The FTSE 100 company is supplementing cash flow with the proceeds from the sale of 25pc in its SSEN Transmission business and the lower dividend to fund its five-year, £18bn capital investment drive which forms the core of its enhanced Net Zero Acceleration Programme and underpins goals to grow earnings at a double-digit rate each year out to 2027.

SSE spent 42pc of its CapEx budget on regulated networks, 39pc on renewables and just 7pc on thermal power in fiscal 2022. Going forward renewables will get a 40pc share of the budget, as projects such as offshore wind projects Dogger Bank and Seagreen are advanced.

The dividend cut had been well flagged by chief executive Alistair Phillips-Davies and investors have taken it in their stride, perhaps encouraged by SSE’s target to grow the shareholder distribution by 5pc to 10pc a year from fiscal 2025 onwards.

It also looks prudent given how cash flow was not the strongest last year, thanks to a jump in the capital investment budget and also a £1bn rise in trade receivables, which could be evidence of the utility cutting its customers some slack on their bills.

In the near-term, capital investment in the asset base is its focus, as it seeks to play its part in the UK’s long-term energy security needs and drive to net zero by 2050. It is increasing its CapEx budget, under the terms of its net zero strategy. It now intends to spend £18bn in aggregate by March 2027, rather than £12.5bn by March 2025.

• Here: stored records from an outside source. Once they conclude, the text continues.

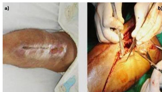
Figura 1. Defecto óseo en el tercio superior de la tibia y vía de abordaje para obtener el colgajo fasciomuscular

Paciente masculino, de piel blanca de 38 años de edad, con antecedentes de haber sufrido una fractura abierta del tercio superior de la tibia tipo II de Gustilo-Anderson; de urgencia se le colocó un fijador externo modelo RALCA, y posteriormente se le realizó osteosíntesis con el sistema AO (láminas y tornillos). Después de dos años de evolución, el paciente comenzó a presentar supuración mantenida a través de la lesión, se retiró el material de osteosíntesis y se confirmó el diagnóstico de Osteomielitis Crónica por medio del cultivo de secreciones con la presencia de estafilococos aureus, y por la biopsia que mostró infiltrado de células inflamatorias crónicas del tipo de los linfocitos y macrófagos con áreas de necrosis. Se estableció un plan de tratamiento quirúrgico basado fundamentalmente en el uso de curetajes óseos y secuestrectomías, como secuela quedó un defecto óseo de 6cm en la cara anterointerna de la tibia. (Figura 1a)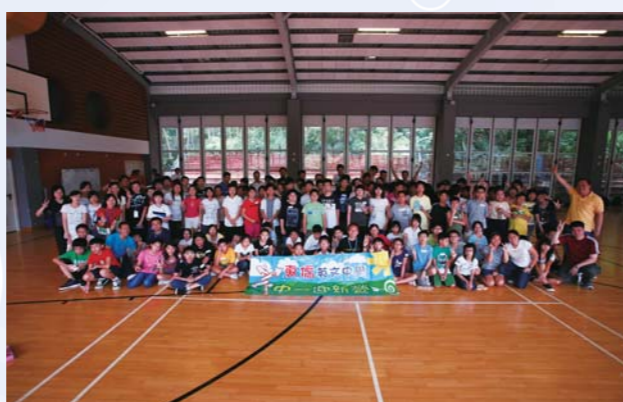
中一迎新歷奇營大合照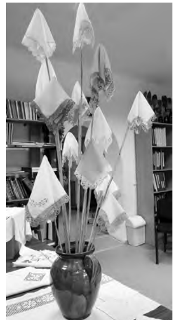
Aptaborēts mutautiņš bijis 1. pašrocīgais darinājums. Tagad to vesels pušķis.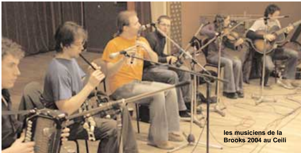
les musiciens de la Brooks 2004 au Ceili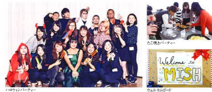
ハロウィンパーティー

学生寮に入居している皆さんと交流を深め、さらに快適に学生寮を楽しんでいただくために様々な国際交流イベントを行っています。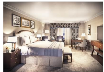
改装後スーペリアルーム イメージ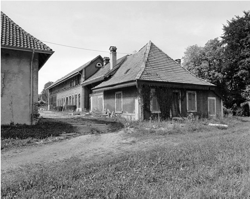
Vue de trois quarts de l'orangerie et du logement en 1981. SRI. Enquête régionale sur les bâtiments industriels (1979-1981). 90, Beaucourt rue Sous les Vignes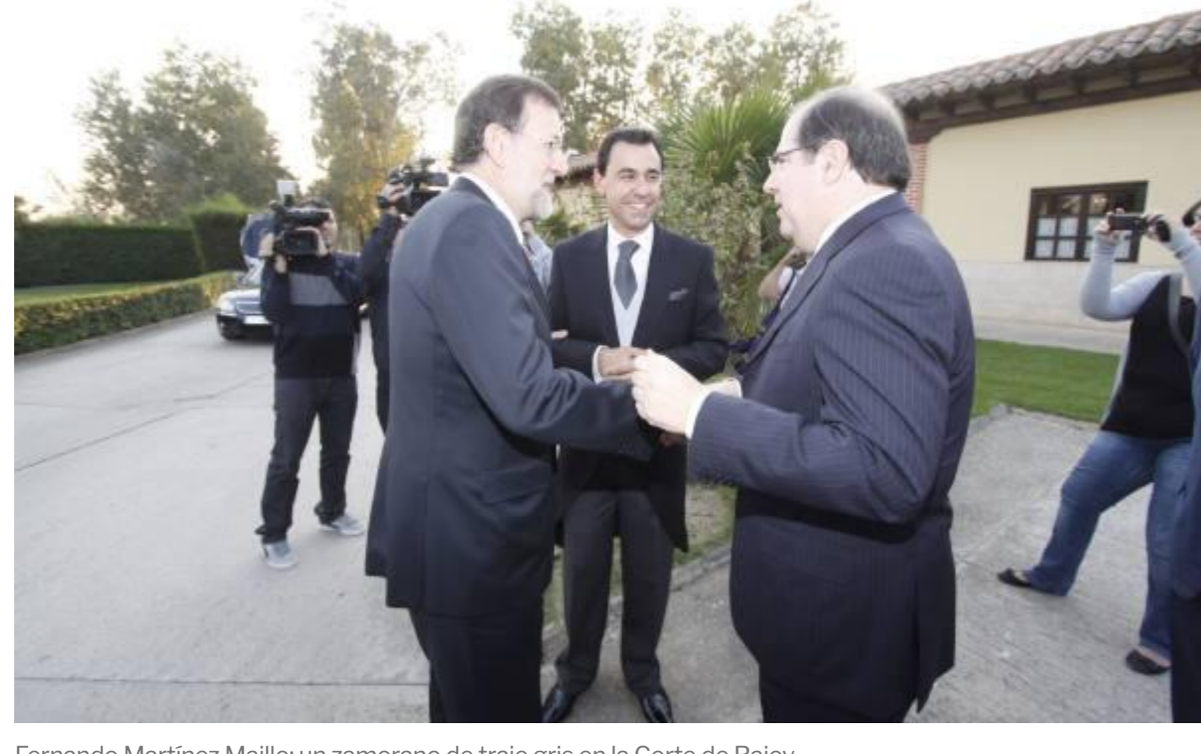
Fernando Martínez Maillo: un zamorano de traje gris en la Corte de Rajoy

Hoy traemos la biografía no oficial ni autorizada del que se dice es el número 3 en el escalafón nacional genoves . De un tiempo a esta parte su cara forma parte de los telediarios de la 1 y se le asocia con el grupo de "jóvenes" que Rajoy digitalmente ha incorporado a su Comité de Dirección y de paso, por razones formales, les ha nombrado Vicesecretarios Generales.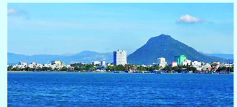
Đắk Lắk có nhiều tiềm năng phát triển kinh tế biển, logistics, cảng biển, dịch vụ và du lịch biển.

THEO đánh giá của Ủy ban nhân dân tỉnh Đắk Lắk, trong 6 tháng đầu năm 2026, mặc dù còn nhiều khó khăn, thách thức, tình hình kinh tế - xã hội của tỉnh tiếp tục giữ ổn định và đạt nhiều kết quả tích cực trên các lĩnh vực. Tốc độ tăng trưởng kinh tế 6 tháng đầu năm của tỉnh ước đạt 8,01%. Cơ cấu tổng sản phẩm (GRDP) theo giá hiện hành tiếp tục chuyển dịch tích cực, phù hợp định hướng phát triển của tỉnh. Tổng vốn đầu tư toàn xã hội ước đạt 23.355 tỷ đồng, bằng 87,94% so với cùng kỳ, đạt 29,1% kế hoạch. Tổng kim ngạch xuất khẩu ước đạt hơn 1,5 tỷ USD, tăng 3,8% so với cùng kỳ năm 2025, đạt 54% kế hoạch.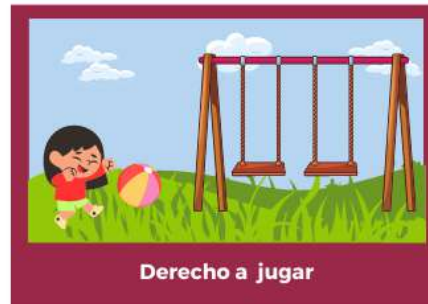
Derecho a jugar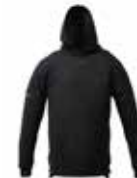
PE672074 SPÄNST hoody, XL 24,99 83% katoen, 17% polyester. Zwart. 304.134.62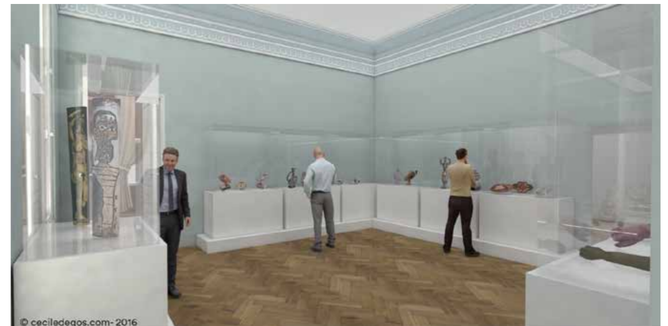
Musée de la Céramique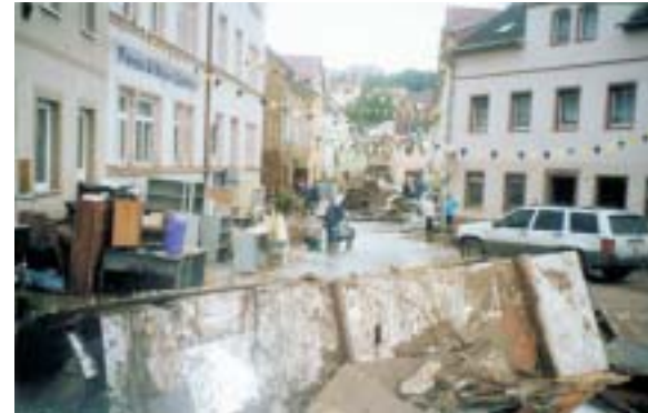
Döbeln in Sachsen wurde in der Nacht vom 12. zum 13. August 2002 von den Fluten der Freiburger Mulde überschwemmt. Präventive Maßnahmen hätten auch hier Schlimmeres möglicherweise verhüten können.

Gefördert wurde auch ein mittelständischer Betrieb der Baubranche (BIRCO Baustoffwerk GmbH/ Baden-Baden). Diese Firma hat ein neuartiges Rinnensystem entwickelt, das sich zur dezentralen Versickerung von Niederschlägen, insbesondere unter versiegelten Gewerbeflächen eignet. Ein wichtiges, zu Beginn dieses Jahres bewilligtes Vorhaben der Firma Sydro Consult GbR (Darmstadt) befasst sich mit dem Wasser- und Stoffstrommanage-

The capital investment project will grow the asset base, as it may select acquisitions, and that in turn is expected to drive compound adjusted earnings per share (EPS) of 13pc to 16pc over the next five years. This is a more aggressive target than management’s first iteration of net zero, which had set out its stall to generate compound annual growth in adjusted EPS of 7pc to 10pc a year. That in turn could help SSE to meet its ambition of growing the rebased dividend.